A school is technically 3, but 6 or more is best. I have 4 in my 10gal, and they seem fine.


----------



## Chazwick

I think you could happily have 4/5 in a 10gallon


----------



## The Hinn

thanks for the imput


----------



## Magdelaine

I had four and I thought they were quite happy, then one died.  With three, they got even more spastic about chasing each other and nipped fins became an issue (they are long-finned). Now that I've moved them to a 29 gallon they have enough room to get away from one another and nipped fins are growing back.
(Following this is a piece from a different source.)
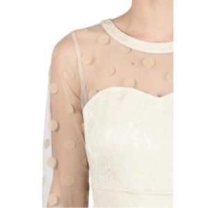 This is such a lovely dress! Polka dot mesh 3/4 sleeves, and from neckline to sweetheart bodice. Creamy beige dress has an all over brocade type rose pattern. Back zipper. Pair with nude heels or booties. Length (High Point Shoulder to Bottom): 35.5 inches. Sleeve Length: 18 inches. Size Small=2-4 (35-27-hips free), Size Medium=6-8 (37-29-hips free), Size Large=10-12 (39-31-hips free).

I would have to say now that a 10 gallon _is_ too small for these fish, but if you've already got some keep no less than four.


----------



## Damon

There is no magic number to be classified as a school.


----------



## kristian18f

My long finned zebras seem more agressive than the others as well. It also seems like my long finned guy doesn't school with the others. Stick to one type, and defentally if you have other fish with long fins, get the short finned danios.


----------



## ron v

Long finned zebra probably can't keep up with the others. Aggression may be from frustration. Still a schooling fish with no one to school with.


----------



## Magdelaine

my lf danios do not bother my fancy guppy male at all, they only chase each other. I think they started going crazy because of the combo small number/small size tank. Now they are doing much better. I really prefer the lf type to the regular, short finned guys.


----------